• DATA EXTRACTS

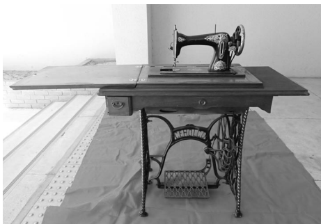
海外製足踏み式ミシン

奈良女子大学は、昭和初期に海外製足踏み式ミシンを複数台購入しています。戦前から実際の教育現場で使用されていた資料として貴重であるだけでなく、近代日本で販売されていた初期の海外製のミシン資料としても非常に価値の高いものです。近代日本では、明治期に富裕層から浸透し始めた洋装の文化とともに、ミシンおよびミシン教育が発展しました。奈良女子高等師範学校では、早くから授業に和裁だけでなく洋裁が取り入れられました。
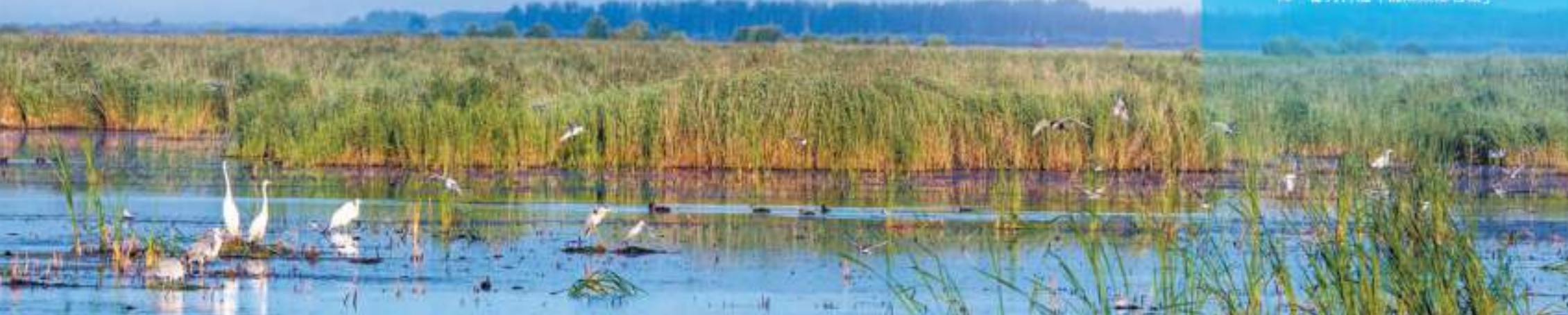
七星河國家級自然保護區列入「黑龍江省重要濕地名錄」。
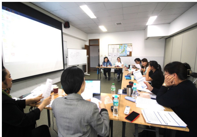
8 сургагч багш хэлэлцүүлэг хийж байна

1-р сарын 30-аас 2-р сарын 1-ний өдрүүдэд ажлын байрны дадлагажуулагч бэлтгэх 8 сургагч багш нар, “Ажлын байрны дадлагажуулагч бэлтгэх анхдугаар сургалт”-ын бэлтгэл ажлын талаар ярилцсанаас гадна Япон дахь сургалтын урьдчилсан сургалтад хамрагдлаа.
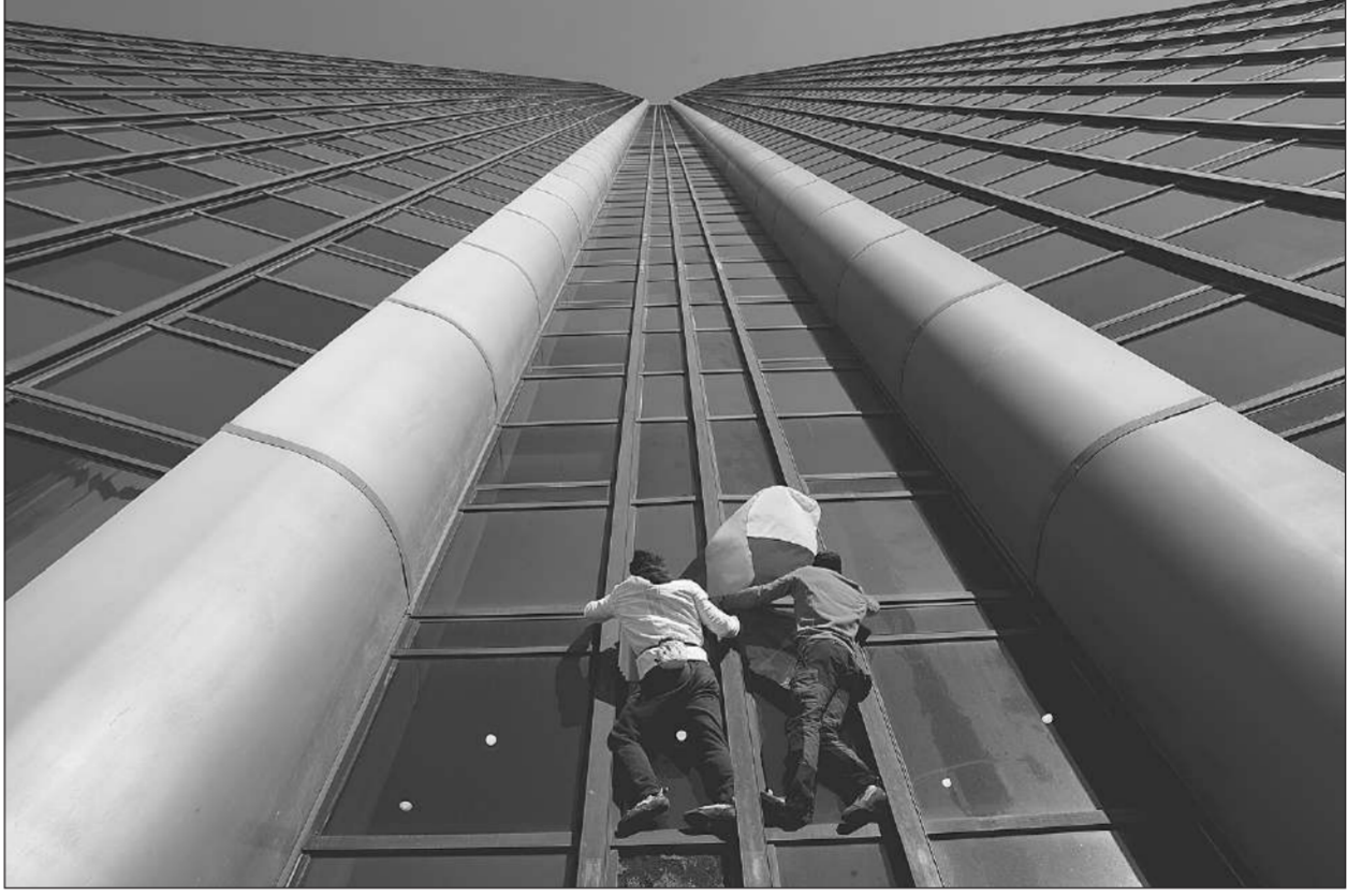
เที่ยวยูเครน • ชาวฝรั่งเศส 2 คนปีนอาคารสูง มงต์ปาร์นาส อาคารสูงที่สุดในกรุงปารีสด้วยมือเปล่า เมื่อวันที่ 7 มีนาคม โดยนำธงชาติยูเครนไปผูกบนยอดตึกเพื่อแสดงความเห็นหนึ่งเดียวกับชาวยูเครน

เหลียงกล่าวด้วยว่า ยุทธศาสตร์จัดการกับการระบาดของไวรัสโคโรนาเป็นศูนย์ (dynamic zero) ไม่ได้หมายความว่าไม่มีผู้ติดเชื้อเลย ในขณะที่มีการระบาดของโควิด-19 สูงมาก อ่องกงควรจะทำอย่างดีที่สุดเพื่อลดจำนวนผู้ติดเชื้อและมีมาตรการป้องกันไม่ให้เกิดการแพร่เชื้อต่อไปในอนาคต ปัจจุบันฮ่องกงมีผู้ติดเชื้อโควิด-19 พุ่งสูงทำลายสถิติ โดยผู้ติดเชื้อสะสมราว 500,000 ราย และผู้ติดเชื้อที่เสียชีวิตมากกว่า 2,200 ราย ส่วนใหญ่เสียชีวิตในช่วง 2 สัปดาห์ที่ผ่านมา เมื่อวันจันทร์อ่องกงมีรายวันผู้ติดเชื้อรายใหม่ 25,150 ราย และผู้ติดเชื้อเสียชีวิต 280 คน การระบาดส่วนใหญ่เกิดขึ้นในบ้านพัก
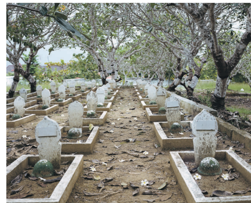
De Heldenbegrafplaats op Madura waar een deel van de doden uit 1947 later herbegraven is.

• EXERCISE INSTRUCTIONS
Look back at the data above, then output exactly the lines from the line holding "奈良女子大学は、昭和初期に海" up to and including the line holding "1-р сарын 30-аас". Leave out the pictures.

• EXERCISE ANSWER
奈良女子大学は、昭和初期に海外製足踏み式ミシンを複数台購入しています。戦前から実際の教育現場で使用されていた資料として貴重であるだけでなく、近代日本で販売されていた初期の海外製のミシン資料としても非常に価値の高いものです。近代日本では、明治期に富裕層から浸透し始めた洋装の文化とともに、ミシンおよびミシン教育が発展しました。奈良女子高等師範学校では、早くから授業に和裁だけでなく洋裁が取り入れられました。
七星河國家級自然保護區列入「黑龍江省重要濕地名錄」。
8 сургагч багш хэлэлцүүлэг хийж байна

1-р сарын 30-аас 2-р сарын 1-ний өдрүүдэд ажлын байрны дадлагажуулагч бэлтгэх 8 сургагч багш нар, “Ажлын байрны дадлагажуулагч бэлтгэх анхдугаар сургалт”-ын бэлтгэл ажлын талаар ярилцсанаас гадна Япон дахь сургалтын урьдчилсан сургалтад хамрагдлаа.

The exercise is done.